Environmental costs of lithium batteries boost innovation for new energy sources
Today, most of the world’s rechargeable batteries are built with lithium-ion technology, which often relies on rare earth metals like cobalt and nickel for its electrodes. However, as demand surges—especially from the electric vehicle industry—scientists around the globe are working to develop cleaner, more sustainable battery alternatives.
Lithium-ion batteries first emerged in the 1990s and revolutionised energy storage, says Laurence Hardwick, professor of electrochemistry at the University of Liverpool. Their commercial rise coincided with the explosion of mobile electronics. But now, their central role in electric vehicles presents serious scalability challenges, particularly because of their dependence on limited and environmentally costly minerals.
Lithium and cobalt remain essential components in technologies critical to the green transition, from EVs to wind turbines and solar power. Yet mining these elements, while less harmful than fossil fuel extraction, carries significant environmental costs—ranging from pollution and land degradation to the risk of contaminating water supplies due to energy-intensive processes.
Water usage is one of the most pressing concerns tied to lithium production. According to an article published by Greenly, it takes an estimated 2.2 million litres of water to produce just one ton of lithium—diverting vital water from agriculture and indigenous communities. Additionally, the process damages soil, making the land infertile and disrupting ecosystems.
Nowhere is this impact more pronounced than in South America’s “Lithium Triangle,” a region covering parts of Bolivia, Argentina, and Chile. In Chile’s Salar de Atacama alone, lithium mining consumes around 21 million litres of water daily—about 65% of the region’s total supply—leading to water shortages and ecological distress.
Contamination is another major threat. In 2009, toxic chemical leaks from China’s Ganzizhou Rongda Lithium mine polluted the Liqi River in Tibet. Locals accused the company of poisoning the water, killing large numbers of fish and livestock, and devastating sacred grasslands.
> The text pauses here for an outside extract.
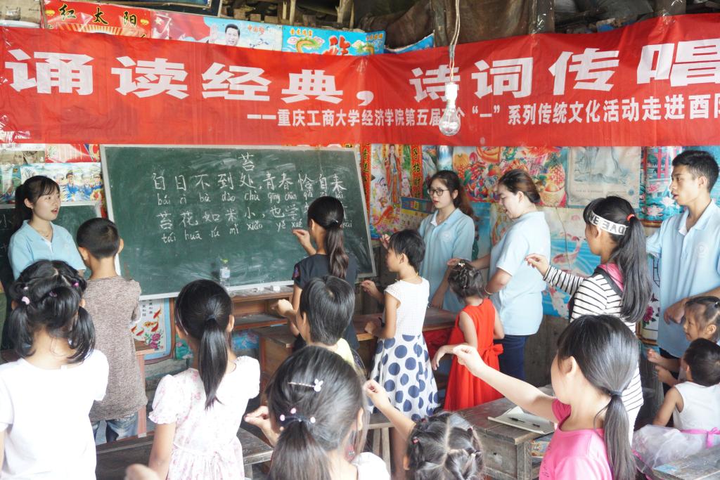 实践队员认真学习十九大精神,从志愿服务活动入手,将伟德国际bevictor1946坚持多年的五个“一”系列传统文化活动在酉阳贫困山区进行推广,切实推进教育资源的城乡平衡,为贫困山区的教育事业贡献一份力量。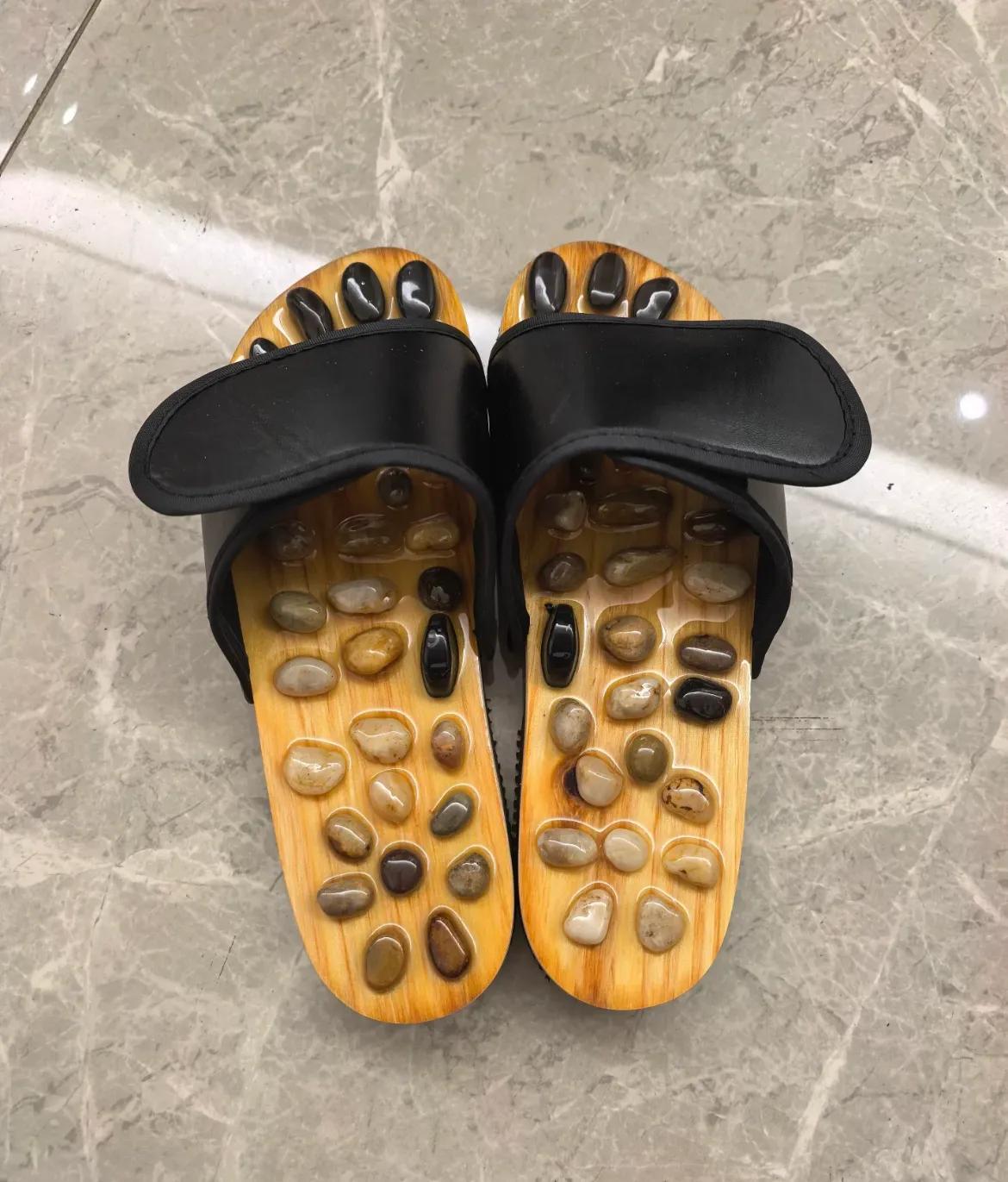 很多老人深信:穿鵝卵石拖鞋按摩足底=通經絡=治百病。

As director of the Stephenson Institute for Renewable Energy, Hardwick is investigating alternative materials that could either replace or complement lithium, easing reliance on rare earths. He told reporters for The Conversation publication that one promising option is solid-state batteries, which use solid ceramic materials instead of liquid solvents to move ions. These batteries offer both higher energy density and improved safety.
Another alternative is sodium-ion technology. Robert Armstrong, a chemistry researcher at the University of St Andrews, is part of a UK team studying the performance of sodium-ion batteries. While sodium ions are heavier than lithium, they are widely available and offer more stable pricing and supply. Armstrong points out that sodium's abundance could reduce supply chain volatility.
Chinese companies like BYD and CATL are already advancing sodium-ion batteries for EVs, despite their extra weight. There is also growing interest in sodium-based storage in Gulf countries that operate desalination plants, where sodium is an abundant byproduct. “Why not put that sodium to use?” says Armstrong.
Organic batteries
Meanwhile, other researchers are exploring biodegradable battery technology. At Stanford University, PhD student Bill Yen and his team are working on Terracell—a battery powered by microbes in the soil. Designed for environmental sensors in wet areas, Terracell minimises long-term waste and recently won the energy category at the 2024 Prototypes for Humanity event in Dubai.
Also at the event was Professor Ulugbek Azimov from Northumbria University, who is developing BioPower Cells—rechargeable batteries made from organic waste, including used coffee grounds. These batteries are entirely free of rare earth materials and can be safely decomposed. “At the end of their life, you just drop them in boiling water, and they dissolve into an ionic liquid fertilizer,” Azimov explained.